Elbow Dysplasia in Dogs Can't Slow Your Pup Down From Enjoying Life to the Fullest
Dogs, particularly our bigger boys and girls, love—and need—their exercise. Especially in a large backyard or a dog park. But some can't be as mobile as they wish to be in their imaginations due to various joint problems, whether it be a twisted ankle or something more serious, like arthritis or one of its predecessors: canine elbow dysplasia.
What Is Canine Elbow Dysplasia?
Canine elbow dysplasia (ED) is a genetic joint and/or tissue disease of one or both of a dog's front elbows.

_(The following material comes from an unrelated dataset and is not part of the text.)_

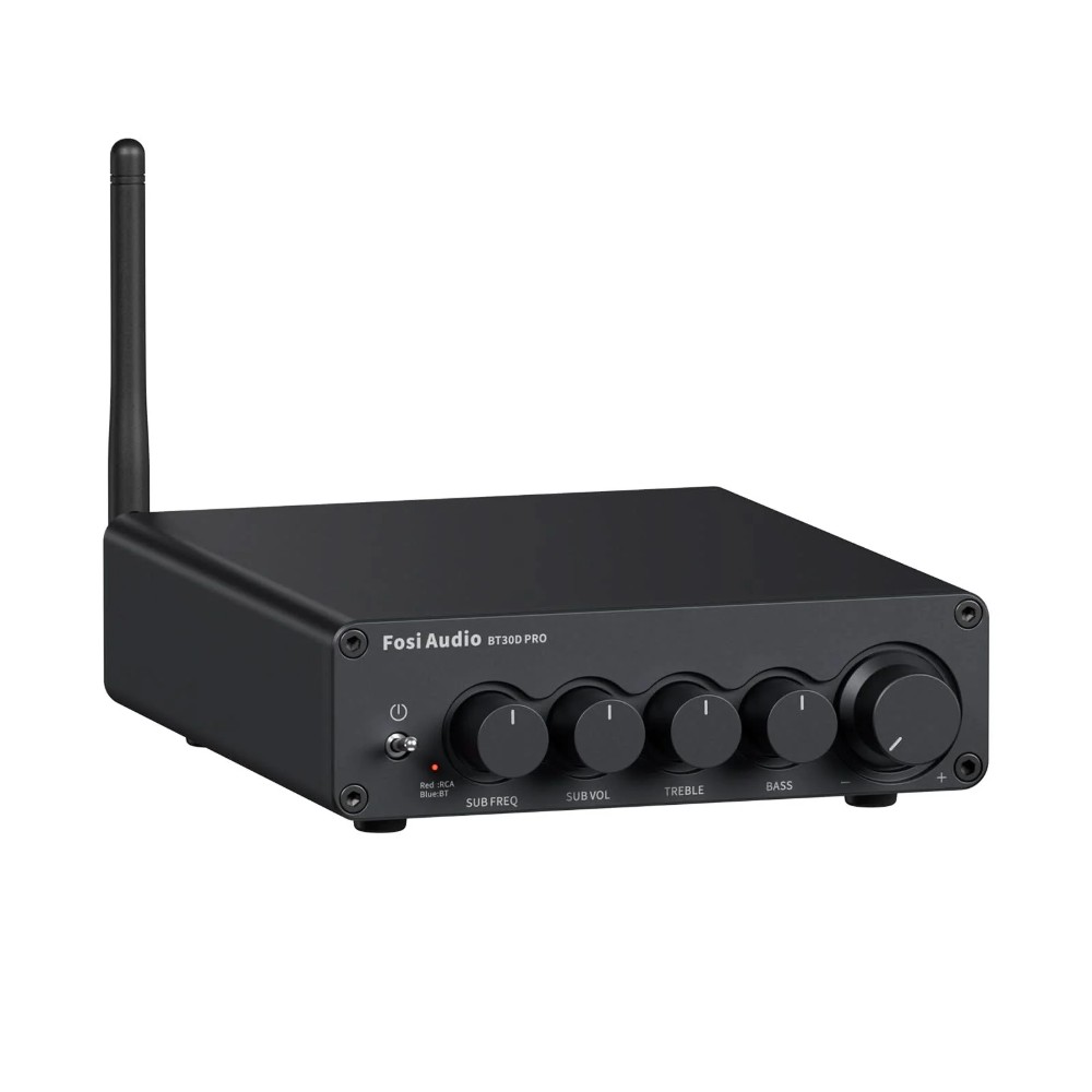 Fosi Audio BT30D Pro (32 V) on kompakti 2.1-kanavainen vahvistin, jossa on Bluetooth ja erillinen subwoofer-ohjaus, rakennettu Texas Instrumentsin kaksois-TPA3255-piirien ympärille. Se ohjaa kahta passiivista kaiutinta ja passiivista bassokaiutinta, samalla kun se voi syöttää aktiivisia laitteita pre-out-liitännän kautta. Mukana tulevalla 32 V, 5 A virtalähteellä se tuottaa jopa 165 W x 2 kaiuttimille ja jopa 350 W sub-kanavalle, mikä tekee siitä tehokkaan mutta sulavan ratkaisun työpöydälle, olohuoneeseen tai pienempään kotiteatteriin.

Dog elbows are made up of three different bones: the radius, ulna, and humerus. ED manifests when these three bones have trouble fitting together like they should, leading to abnormal weight distribution that causes lameness.
ED is actually an umbrella term for multiple abnormalities concerning a canine's elbow joints, which can occur independently or in conjunction with one another in more severe cases. These conditions are typically inherited by larger dog breeds like the Bernese mountain dog or golden retriever but can affect most any canine.
Signs and Symptoms of Elbow Dysplasia in Dogs
Despite there being multiple versions of ED, the symptoms are the same.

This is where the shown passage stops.